*** SOURCE DATA ***

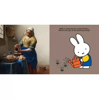 這本書適合作為小讀者親近藝術世界的入門書,將米飛兔的圖畫對照維梅爾作品中的相似畫面,並以容易理解的提問方式引導孩子觀察和思考。在可愛的米飛兔陪伴下,一起欣賞維梅爾的畫作,發現兩位藝術家之間有趣的相同和不同之處吧!
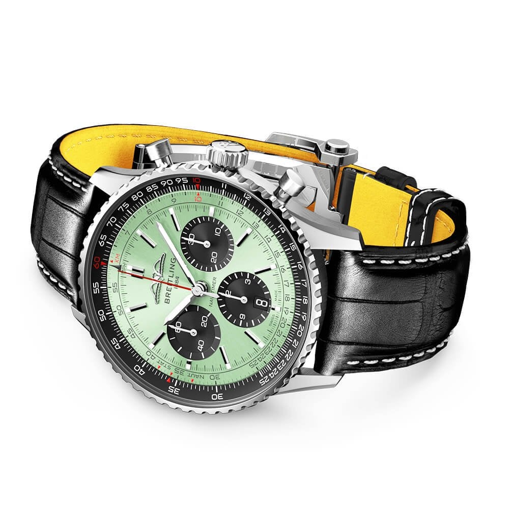 BreitlingNavitimer 43mm Mint Green/Black Dial Men's Chronograph Watch AB0138241L1P1. Stainless steel 43mm case and bidirectional bezel. This men's watch has a mint green dial with polished hands and hour markers, contrasting black sub dials and a date display at the 6 o'clock position. Water resistant up to 30m and sapphire crystal glass. Power reserve up to 70 hours. Breitling 01 calibre automatic chronograph movement.
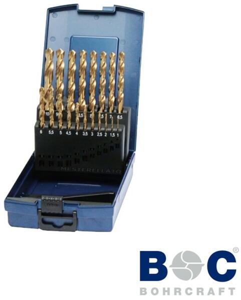 HSS-TiN KT10 ABS-Box fémfúró készlet TiN (titán-nitrid) bevonat Hengeres befogás ABS műanyag tároló doboz DIN 338 Edzett, nagy teljesítményű gyorsacélból. 118°-os fúrócsúccsal. Görgőshengerelésű kétspirálú, két vágóélű, köszörült éllel, TiN bevonattal. Spirálhorony a gyors forgácskihordás érdekében. Nagyfokú rugalmasság, csekély törésveszély, hosszú é
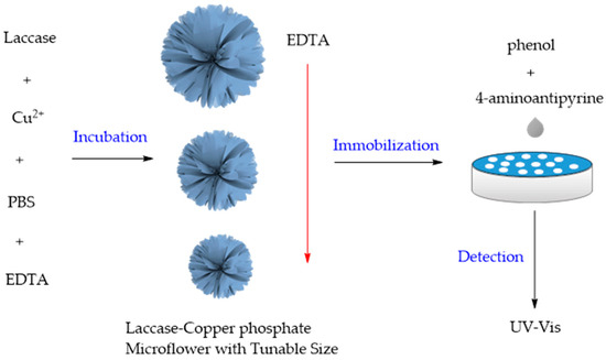 Hua and colleagues reported a method for preparing size-controlled laccase-copper phosphate composite material (Lac@Cu3(PO4)2) (Figure 3). using ethylenediaminetetraacetic acid (EDTA) as a chelating compound. Lac@Cu3(PO4)2 was employed for the rapid and sensitive detection of phenol in water, exhibiting excellent catalytic activity and reusability. In terms of activity, Lac@Cu3(PO4)2 was 7–11 times higher than free laccase [76].
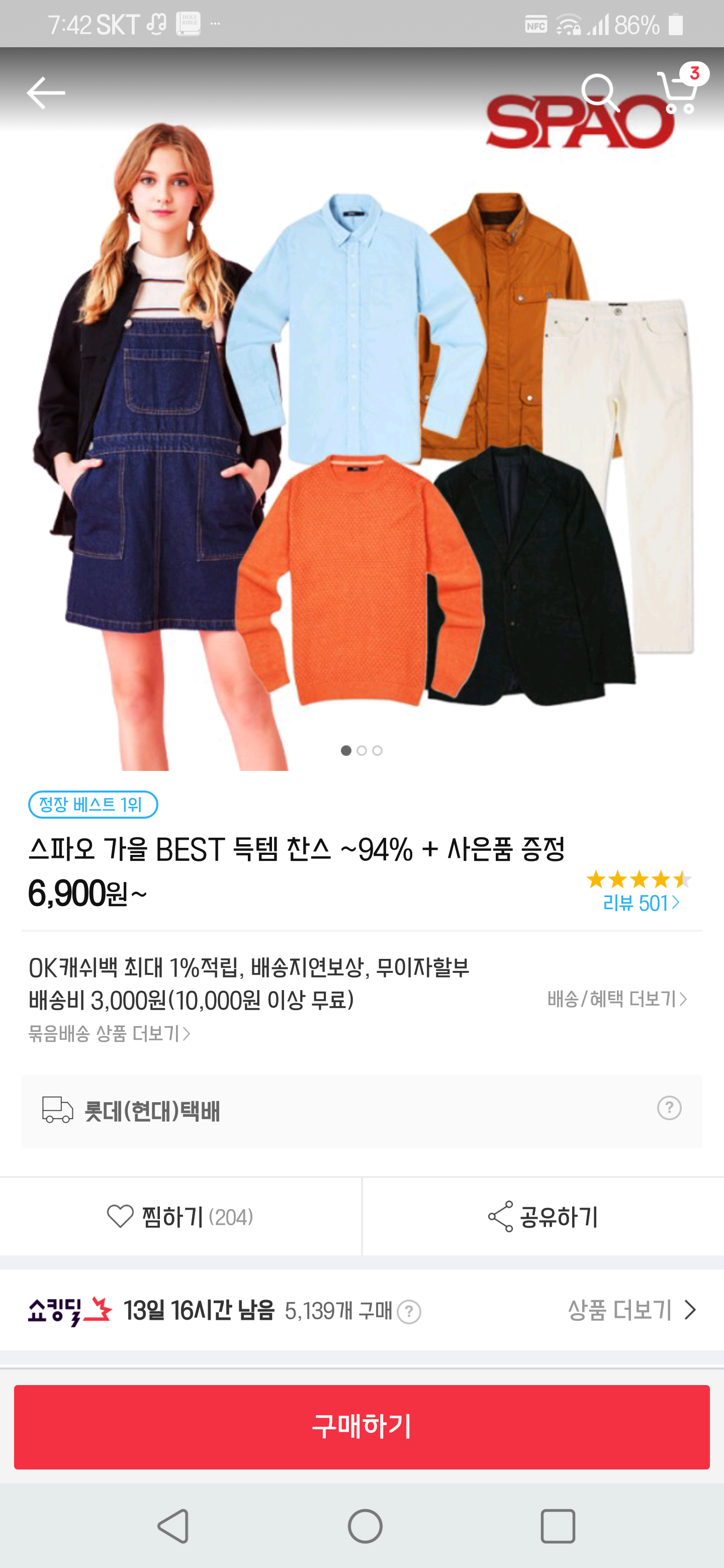 스파오가 간혹 괜찮은 퀄리티를 보여줍니다.
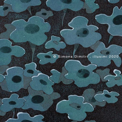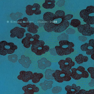 meditative work, slowly building the night, line afterline, into unavoidable, inscrutable forests of thoughts mixed media on heavy cardboard / 40x40 cm
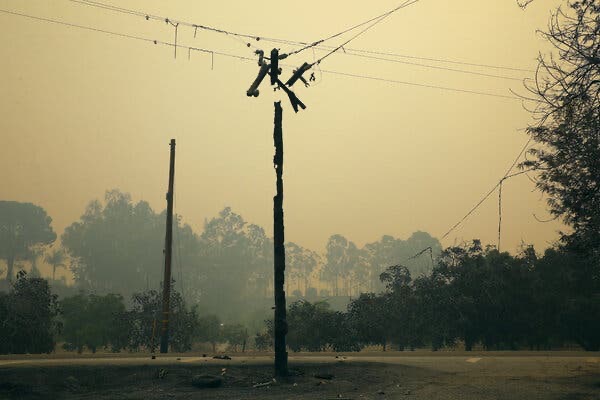 △被山火烧毁的供电线路(图片来源:《纽约时报》)
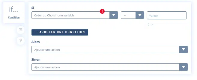 Les Conditions If sont essentielles afin de rendre votre chatbot dynamique. Vous les utiliserez régulièrement afin d’orienter les utilisateurs en fonction de leurs choix et surtout en fonction des données capturées dans des variables lors de leurs réponses. Les Conditions If vont également apporter une logique à votre chatbot pour qu’il prenne les bonnes décisions.

***

The data above needs to be retyped exactly, with the images left out.

 這本書適合作為小讀者親近藝術世界的入門書,將米飛兔的圖畫對照維梅爾作品中的相似畫面,並以容易理解的提問方式引導孩子觀察和思考。在可愛的米飛兔陪伴下,一起欣賞維梅爾的畫作,發現兩位藝術家之間有趣的相同和不同之處吧!
 BreitlingNavitimer 43mm Mint Green/Black Dial Men's Chronograph Watch AB0138241L1P1. Stainless steel 43mm case and bidirectional bezel. This men's watch has a mint green dial with polished hands and hour markers, contrasting black sub dials and a date display at the 6 o'clock position. Water resistant up to 30m and sapphire crystal glass. Power reserve up to 70 hours. Breitling 01 calibre automatic chronograph movement.
 HSS-TiN KT10 ABS-Box fémfúró készlet TiN (titán-nitrid) bevonat Hengeres befogás ABS műanyag tároló doboz DIN 338 Edzett, nagy teljesítményű gyorsacélból. 118°-os fúrócsúccsal. Görgőshengerelésű kétspirálú, két vágóélű, köszörült éllel, TiN bevonattal. Spirálhorony a gyors forgácskihordás érdekében. Nagyfokú rugalmasság, csekély törésveszély, hosszú é
 Hua and colleagues reported a method for preparing size-controlled laccase-copper phosphate composite material (Lac@Cu3(PO4)2) (Figure 3). using ethylenediaminetetraacetic acid (EDTA) as a chelating compound. Lac@Cu3(PO4)2 was employed for the rapid and sensitive detection of phenol in water, exhibiting excellent catalytic activity and reusability. In terms of activity, Lac@Cu3(PO4)2 was 7–11 times higher than free laccase [76].
 스파오가 간혹 괜찮은 퀄리티를 보여줍니다.
 meditative work, slowly building the night, line afterline, into unavoidable, inscrutable forests of thoughts mixed media on heavy cardboard / 40x40 cm
 △被山火烧毁的供电线路(图片来源:《纽约时报》)
 Les Conditions If sont essentielles afin de rendre votre chatbot dynamique. Vous les utiliserez régulièrement afin d’orienter les utilisateurs en fonction de leurs choix et surtout en fonction des données capturées dans des variables lors de leurs réponses. Les Conditions If vont également apporter une logique à votre chatbot pour qu’il prenne les bonnes décisions.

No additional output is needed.